Я жал следом — за деньгами, только за деньгами!
Неизвестно, раскололся бы отец, вскрылась ли бы, как долго созревавший нарыв, его тайна? Не время и не место для откровенности там, где поблескивают множество окон и десятки глаз нетерпеливо следят за приближающейся фигурой доктора. Вот его шаги, покашливание. Самое главное здесь, в этом строго организованном мирке — к слову сказать, прекрасно приспособленном только для болезней, — бодрость хирурга, его уверенность в себе… Становится ясно — теперь я ему не нужен, забыт и выброшен из головы, сейчас все внимание только больным, пусть путаные их загадки и мелочные жалобы надоедают за день, как простывший
— Доктор!
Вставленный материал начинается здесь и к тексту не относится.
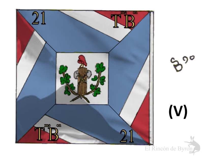 Sin embargo, el reverso de algunas banderas llevaban «Pre Bon«, «Dme Bon» o Tme Bon» en las esquinas superior derecha e inferior izquierda, con el número de Semi-brigada en las otras dos esquinas, pero esto NO era universal.

Подождите, доктор!
Погоня? Благодарный смертный с банкнотом в потном кулаке? Скользкий путь избрал бедняга, долго же будут гореть у него уши при воспоминании, как пытался он всучить «благодарность» доктору Наримантасу! А может, застукал его больной-коллекционер — некоторые собирают недуги, как почтовые марки или спичечные этикетки. Ну, этому скоро опротивеют любые коллекции!
Отец прижался к перилам, пригнул голову, чтобы кирпич, если кто вздумает запустить, пролетел, не задев макушки.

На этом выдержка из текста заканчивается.